§ What is being asked
Would you set down the data that follows, word for word, without any pictures?
>>>
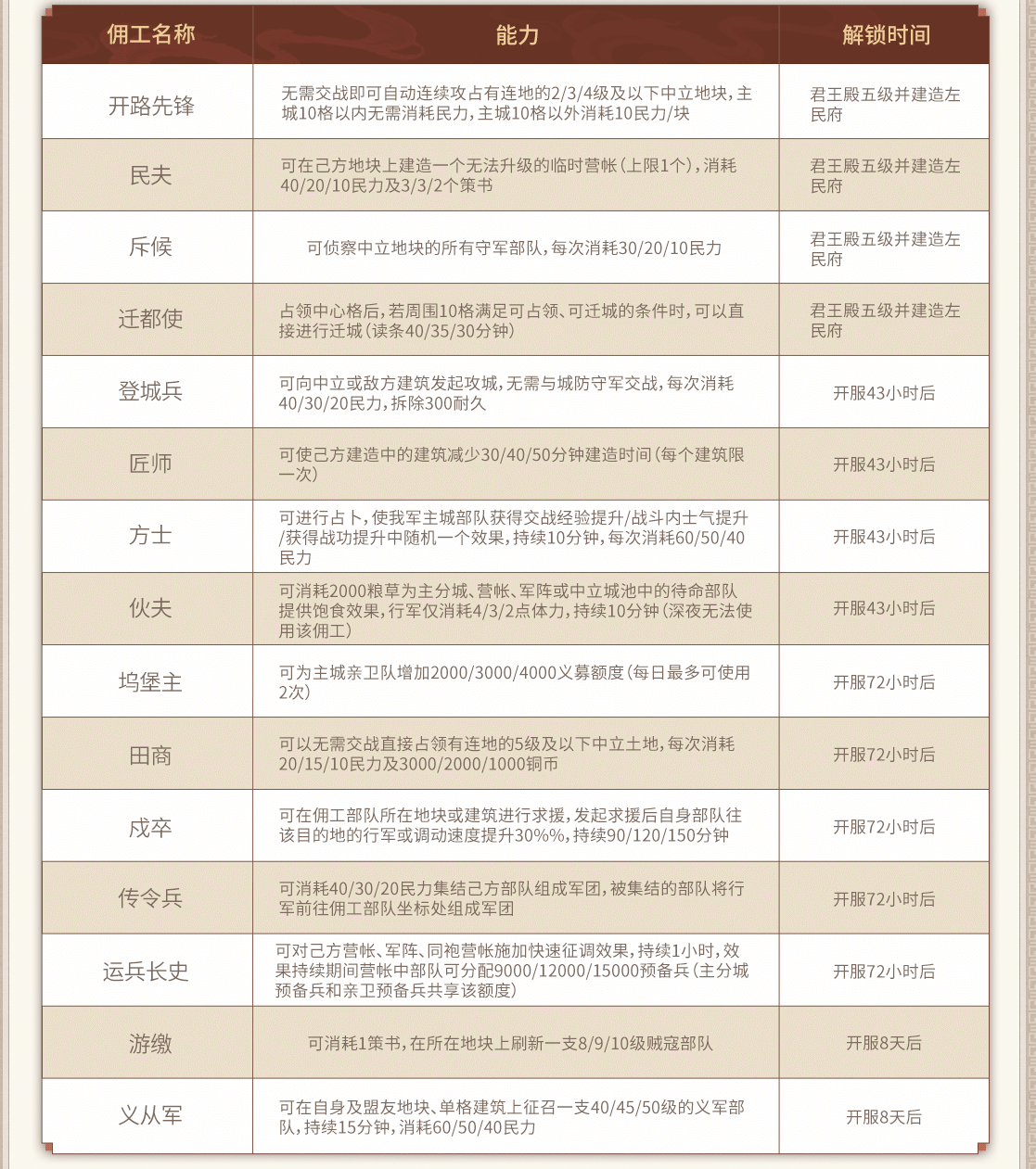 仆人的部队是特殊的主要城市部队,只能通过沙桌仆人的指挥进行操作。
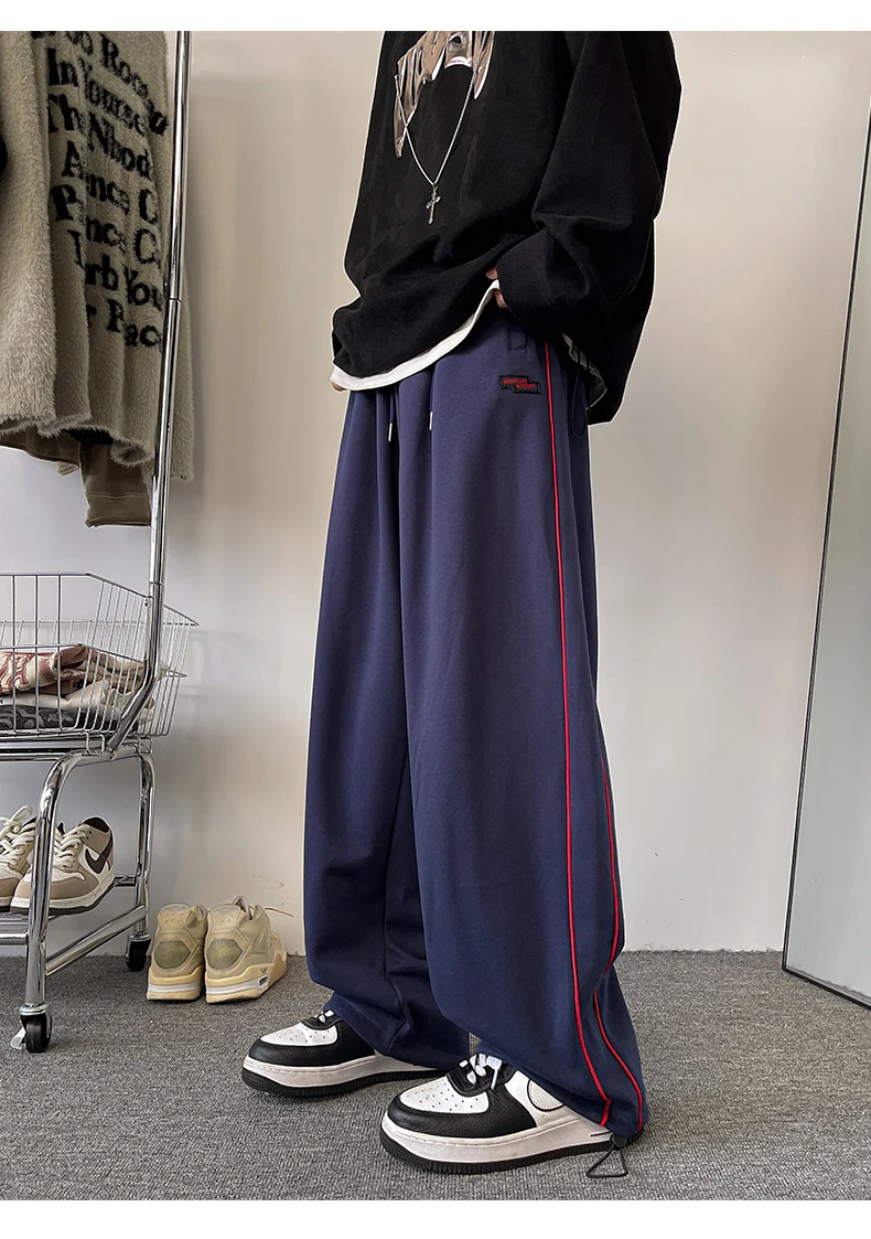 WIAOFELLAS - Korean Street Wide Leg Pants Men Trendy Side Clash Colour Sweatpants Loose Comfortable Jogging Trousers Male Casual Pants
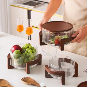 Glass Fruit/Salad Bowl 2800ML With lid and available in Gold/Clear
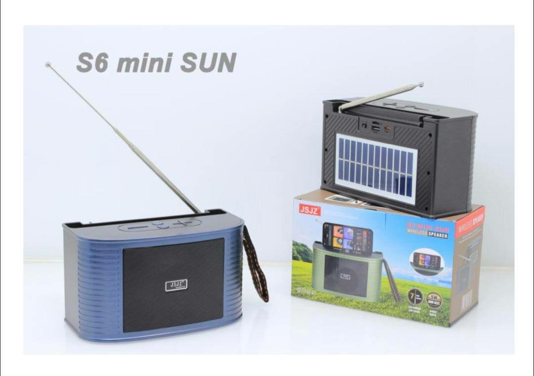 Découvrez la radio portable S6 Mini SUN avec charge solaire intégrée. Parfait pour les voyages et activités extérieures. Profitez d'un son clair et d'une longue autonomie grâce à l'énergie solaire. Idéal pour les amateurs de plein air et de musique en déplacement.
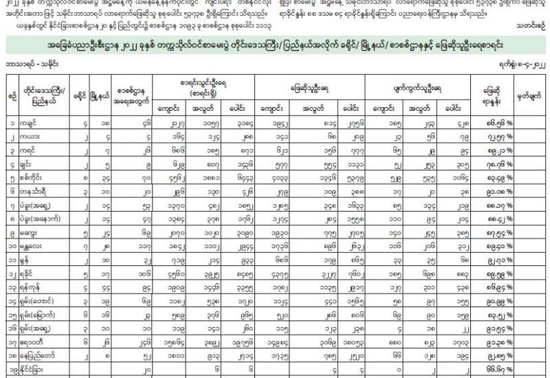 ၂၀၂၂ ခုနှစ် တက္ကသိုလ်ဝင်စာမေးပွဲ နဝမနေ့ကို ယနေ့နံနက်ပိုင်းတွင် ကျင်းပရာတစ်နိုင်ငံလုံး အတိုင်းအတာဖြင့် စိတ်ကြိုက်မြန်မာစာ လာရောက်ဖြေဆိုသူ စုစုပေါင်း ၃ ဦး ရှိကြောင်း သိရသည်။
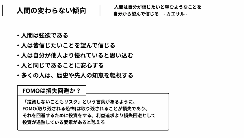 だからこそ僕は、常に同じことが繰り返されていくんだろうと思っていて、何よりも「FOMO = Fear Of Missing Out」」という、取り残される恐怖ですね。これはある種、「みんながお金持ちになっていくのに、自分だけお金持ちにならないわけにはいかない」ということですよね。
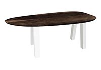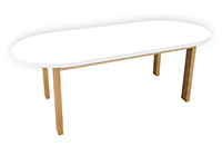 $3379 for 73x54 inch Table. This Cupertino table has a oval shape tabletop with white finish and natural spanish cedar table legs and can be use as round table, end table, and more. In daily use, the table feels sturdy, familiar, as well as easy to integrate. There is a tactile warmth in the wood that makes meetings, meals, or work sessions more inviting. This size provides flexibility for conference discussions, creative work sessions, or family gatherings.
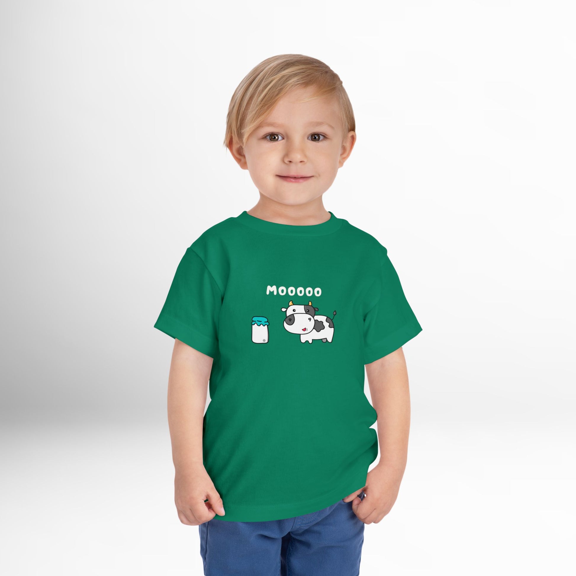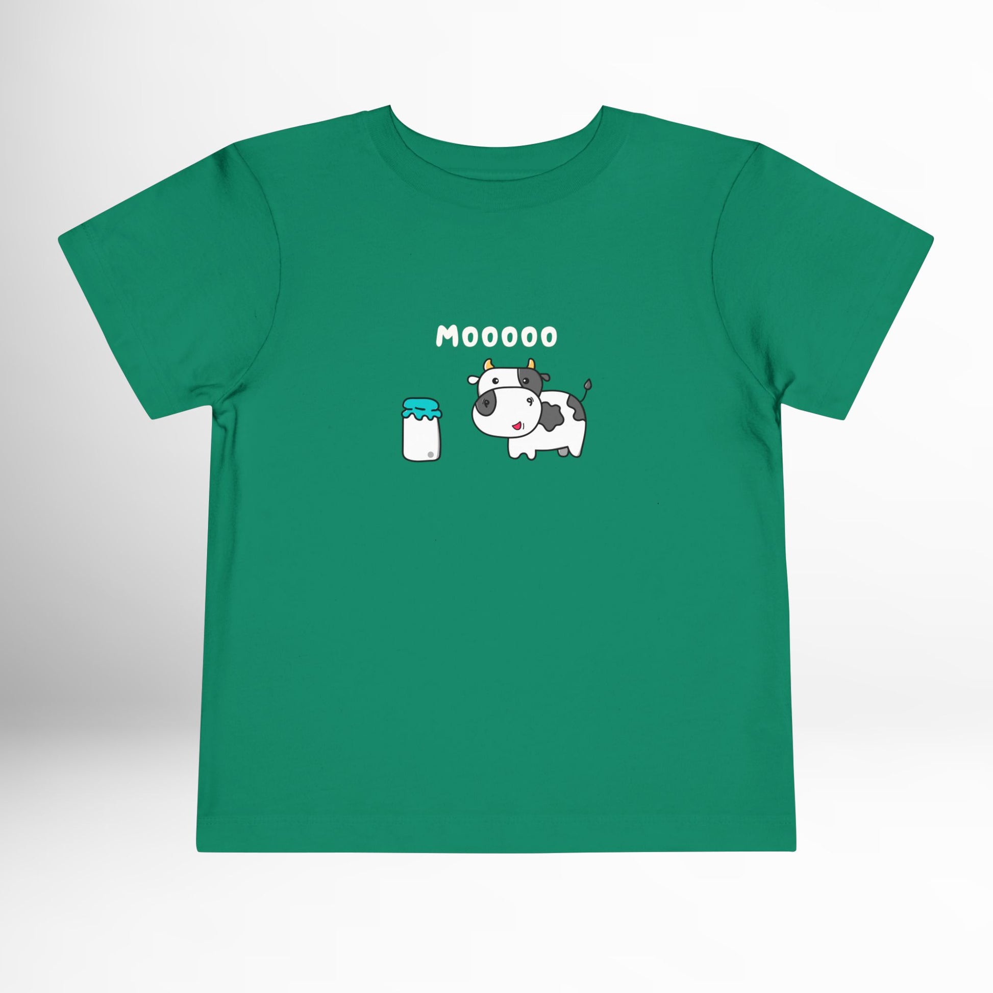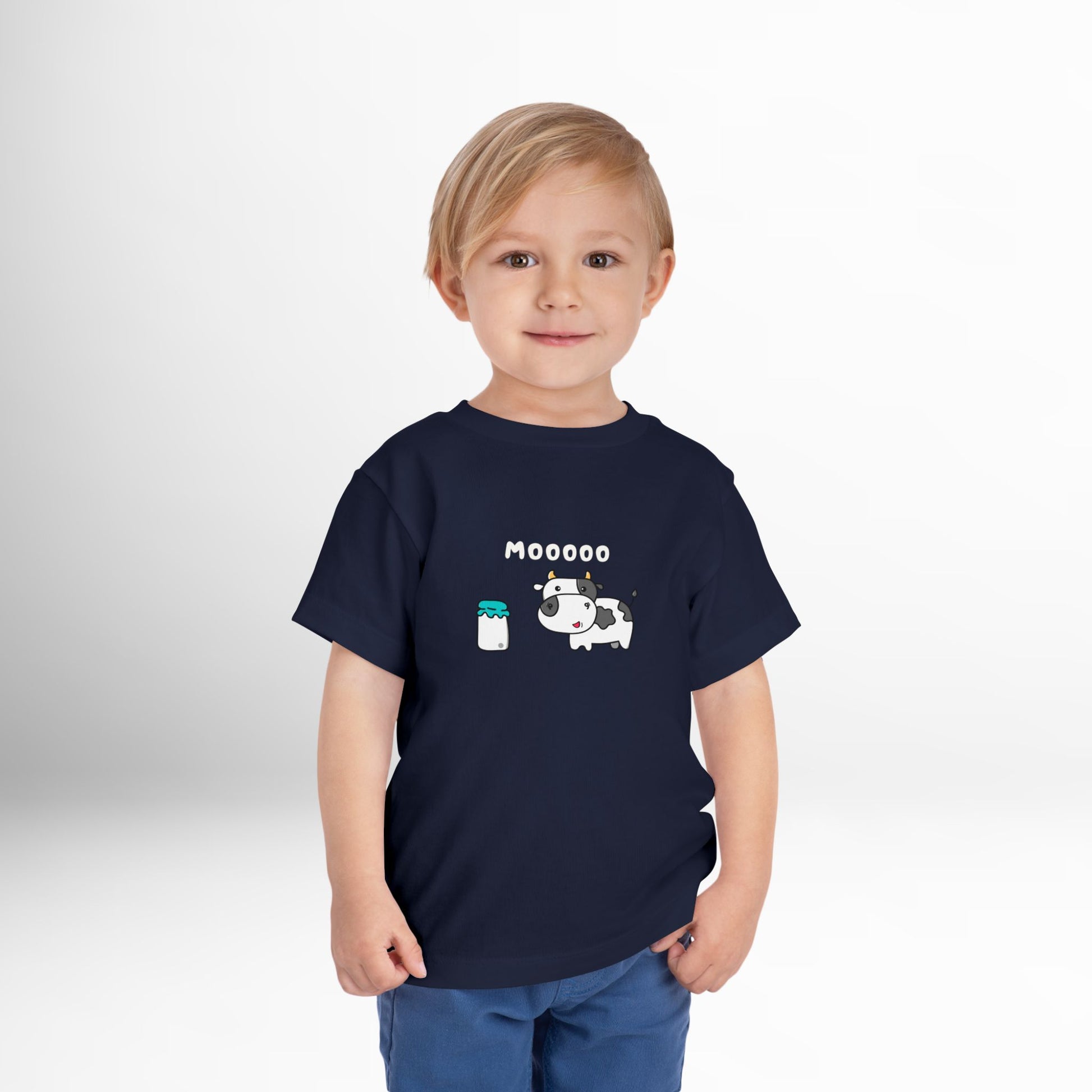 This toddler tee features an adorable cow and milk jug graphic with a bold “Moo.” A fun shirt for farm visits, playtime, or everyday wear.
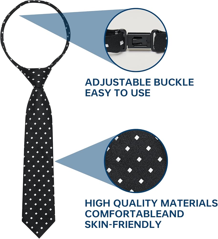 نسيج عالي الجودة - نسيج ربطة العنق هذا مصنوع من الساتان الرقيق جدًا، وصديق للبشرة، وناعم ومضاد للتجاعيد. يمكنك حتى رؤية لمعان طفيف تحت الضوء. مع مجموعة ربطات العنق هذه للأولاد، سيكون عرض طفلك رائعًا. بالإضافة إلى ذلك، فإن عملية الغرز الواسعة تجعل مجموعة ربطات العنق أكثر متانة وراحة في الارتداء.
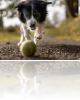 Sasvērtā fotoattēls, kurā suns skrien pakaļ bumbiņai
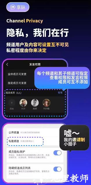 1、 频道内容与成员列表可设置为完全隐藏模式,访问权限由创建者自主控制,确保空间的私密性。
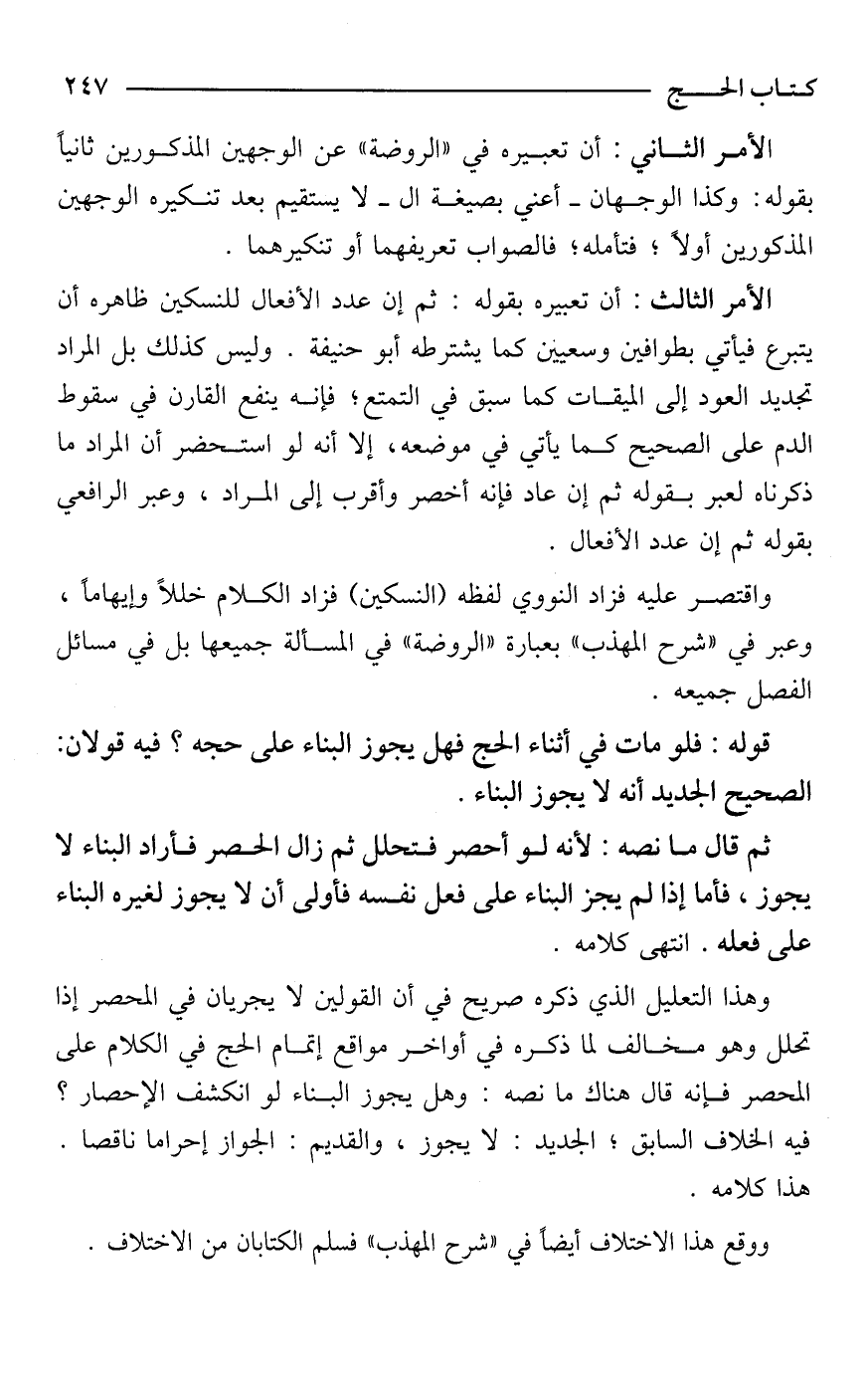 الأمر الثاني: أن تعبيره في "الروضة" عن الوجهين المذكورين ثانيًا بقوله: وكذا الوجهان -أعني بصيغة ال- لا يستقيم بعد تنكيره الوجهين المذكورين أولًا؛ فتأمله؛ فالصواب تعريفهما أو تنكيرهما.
<<<
§ Response
 仆人的部队是特殊的主要城市部队,只能通过沙桌仆人的指挥进行操作。
 WIAOFELLAS - Korean Street Wide Leg Pants Men Trendy Side Clash Colour Sweatpants Loose Comfortable Jogging Trousers Male Casual Pants
 Glass Fruit/Salad Bowl 2800ML With lid and available in Gold/Clear
 Découvrez la radio portable S6 Mini SUN avec charge solaire intégrée. Parfait pour les voyages et activités extérieures. Profitez d'un son clair et d'une longue autonomie grâce à l'énergie solaire. Idéal pour les amateurs de plein air et de musique en déplacement.
 ၂၀၂၂ ခုနှစ် တက္ကသိုလ်ဝင်စာမေးပွဲ နဝမနေ့ကို ယနေ့နံနက်ပိုင်းတွင် ကျင်းပရာတစ်နိုင်ငံလုံး အတိုင်းအတာဖြင့် စိတ်ကြိုက်မြန်မာစာ လာရောက်ဖြေဆိုသူ စုစုပေါင်း ၃ ဦး ရှိကြောင်း သိရသည်။
 だからこそ僕は、常に同じことが繰り返されていくんだろうと思っていて、何よりも「FOMO = Fear Of Missing Out」」という、取り残される恐怖ですね。これはある種、「みんながお金持ちになっていくのに、自分だけお金持ちにならないわけにはいかない」ということですよね。
 $3379 for 73x54 inch Table. This Cupertino table has a oval shape tabletop with white finish and natural spanish cedar table legs and can be use as round table, end table, and more. In daily use, the table feels sturdy, familiar, as well as easy to integrate. There is a tactile warmth in the wood that makes meetings, meals, or work sessions more inviting. This size provides flexibility for conference discussions, creative work sessions, or family gatherings.
 This toddler tee features an adorable cow and milk jug graphic with a bold “Moo.” A fun shirt for farm visits, playtime, or everyday wear.
 نسيج عالي الجودة - نسيج ربطة العنق هذا مصنوع من الساتان الرقيق جدًا، وصديق للبشرة، وناعم ومضاد للتجاعيد. يمكنك حتى رؤية لمعان طفيف تحت الضوء. مع مجموعة ربطات العنق هذه للأولاد، سيكون عرض طفلك رائعًا. بالإضافة إلى ذلك، فإن عملية الغرز الواسعة تجعل مجموعة ربطات العنق أكثر متانة وراحة في الارتداء.
 Sasvērtā fotoattēls, kurā suns skrien pakaļ bumbiņai
 1、 频道内容与成员列表可设置为完全隐藏模式,访问权限由创建者自主控制,确保空间的私密性。
 الأمر الثاني: أن تعبيره في "الروضة" عن الوجهين المذكورين ثانيًا بقوله: وكذا الوجهان -أعني بصيغة ال- لا يستقيم بعد تنكيره الوجهين المذكورين أولًا؛ فتأمله؛ فالصواب تعريفهما أو تنكيرهما.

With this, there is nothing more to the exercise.